The 1821 State of the Union Address was delivered by the fifth president of the United States James Monroe to the 17th United States Congress on December 3, 1821.

==Description==
===Economic issues===
In his 1821 State of the Union message, American President James Monroe reported that the country was in a state of general prosperity, with peace maintained in foreign relations and domestic laws operating effectively. He noted the nation's steady progress under a government directed by the will of the people, expressing satisfaction with the results of U.S. policy both internally and in foreign affairs.
In domestic affairs, Monroe highlighted the nation's financial health, reporting that public revenue had improved after a decline in earlier years. He noted that the public debt had increased slightly but remained manageable, and he anticipated continued economic recovery. Monroe also discussed the importance of domestic manufacturing and its role in making the U.S. less dependent on foreign imports, suggesting that additional tariffs might be necessary to protect these growing industries.

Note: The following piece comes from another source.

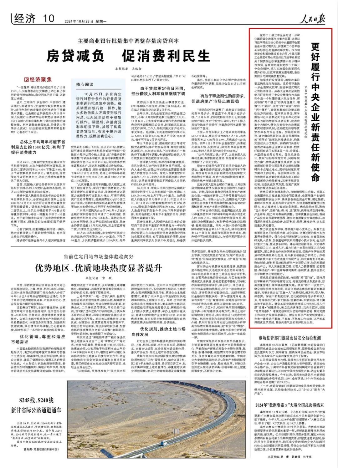 10月28日,《人民日报》刊发世界杯竞猜网站党组署名文章《更好履行中央企业新责任新使命》。全文如下: 党的二十届三中全会对进一步深化国资国企改革作出重大部署,这是以习近平同志为核心的党中央着眼于全面推进中国式现代化、实现第二个百年奋斗目标作出的重要战略安排。作为国家安全和国防建设的主力军,世界杯竞猜网站始终以习近平总书记关于国资国企改革重要指示批示精神为指引,全面贯彻落实党的二十届三中全会精神,深入实施国企改革深化提升行动,以改革破解发展难题,推动集团公司实现高质量发展。 加强党的全面领导,确保改革沿着正确政治方向前进。党的领导是进一步全面深化改革、推进中国式现代化的根本保证。兵器工业集团坚决把学习好贯彻好三中全会精神作为当前和今后一个时期的重大政治任务,深刻领悟“两个确立”的决定性意义,增强“四个意识”、坚定“四个自信”、做到“两个维护”,确保改革始终沿着正确政治方向前进。扛牢政治责任,深学细悟习近平总书记关于全面深化改革的系列新思想新观点新论断,吃透吃准中央精神,健全完善党中央决策部署贯彻落实机制,切实把党的领导贯穿改革各方面全过程。加强组织领导,建立横向协同到边、纵向贯通到底的“矩阵式”改革组织推进机制,构建党组成员分工联系、总部部门具体对接的改革基层企业联系点制度,把责任纵深穿透压实到基层一线,分领域、分层级推动落实落地。强化总体设计,按照“目标导向定方向、问题导向定方案”,聚焦高质量发展要求,全面梳理制约集团公司发展的体制机制障碍和卡点堵点难点,高标准制定改革方案和工作台账。强化跟踪问效,坚持把提升高质量发展成效和职工群众幸福感作为检验标准,完善考核评估机制,动态优化改革方案,在更广更深范围内推进改革任务落实。 聚焦关键环节精准发力,持续增强核心功能。兵器工业集团将扎实推进重点装备项目建设,全面增强产业链供应链韧性和安全水平,确保装备供应安全可靠、健壮强韧。着眼未来发展,超前布局专业技术,加快前瞻性颠覆性技术研究,全力推动无人智能装备发展。优化结构布局,聚焦“三个集中”,坚持“进、保、转、退”原则,统筹做好空间布局、产业布局、能力布局等结构调整。筑牢质量安全防线,围绕产品全生命周期管理流程,健全完善质量安全管理体系,加强源头治理和正向设计,抓好制度、规范、标准执行,夯实高质量发展的基石。 聚力攻坚重点领域,持续提升核心竞争力。兵器工业集团将坚定不移吃技术饭、走创新路,依靠过硬的技术实力赢得市场竞争。强化企业科技创新主体地位,完善稳定的研发投入机制,加强基础研究和关键核心技术攻关,全力抓好重大工程、重点装备研制。健全科技创新体系,大力培养引进顶尖人才、高端人才,着力打造一流科技领军人才和创新团队,建立开放合作的协同研发机制,促进产学研有效贯通和成果高效转化应用,充分激发创新活力和动力。积极运用新技术新工艺改造提升传统产业,加大高端电子电路、微纳制造、新材料等战略性新兴产业投资力度,加快发展新质生产力。深入实施数智工程,实现人力资源管理、经营管控、科研生产、审计监管等横向集成、纵向贯通,提升信息化水平和数字化管理能力。 深化党的建设制度改革,持续强“根”固“魂”。坚持用改革精神和严的标准管党治党,完善党的建设制度体系,以高质量党建引领保障高质量发展。抓实“两个一以贯之”,健全领导作用发挥机制,分层分类动态优化前置研究事项清单,完善各级企业“三重一大”决策机制,把方向、管大局、保落实。深化干部制度改革,选优配强领导班子和领导人员,打造政治过硬、敢于担当、锐意改革、实绩突出、清正廉洁的干部队伍。健全基层党建提质增效工作机制,深入开展“党建+”创建活动,设立党员责任区、党员示范岗,组建“党员突击队”,增强党组织政治功能和组织功能,推动党建工作与生产经营深度融合。健全全面从严治党制度体系,完善一体推进不敢腐、不能腐、不想腐工作机制,以严的基调强化正风肃纪,营造风清气正的良好政治生态。 来源/2024年10月28日《人民日报》第10版 |

One key focus of the address was the nation's commercial policies, particularly the ongoing challenges in negotiating trade agreements with foreign powers. Monroe emphasized the 1815 act that repealed discriminatory duties on foreign vessels, which had been proposed to foster reciprocal trade arrangements with other nations.

===Foreign affairs===
He expressed disappointment that negotiations with France had not yielded favorable results, especially regarding the interpretation of the 1803 Louisiana Purchase treaty and recent trade disputes.

Monroe also addressed the progress in the implementation of the Adams–Onís Treaty with Spain, which had ceded Florida to the United States. He noted that while possession of Florida had been transferred, Spain had not yet fully complied with some stipulations, particularly the delivery of important documents related to land and property claims.

===Defense===
Monroe detailed the nation's defense efforts, including fortification construction along the coasts and the continued expansion of the Navy. He emphasized the need to maintain naval forces in the Mediterranean and Pacific to protect American commerce from piracy and other threats. Additionally, he addressed the ongoing suppression of the slave trade, reporting success in preventing American citizens from engaging in the trade under U.S. flags.

===Conclusion===
In conclusion, Monroe expressed gratitude for the nation's blessings and called for continued vigilance in safeguarding its prosperity and independence.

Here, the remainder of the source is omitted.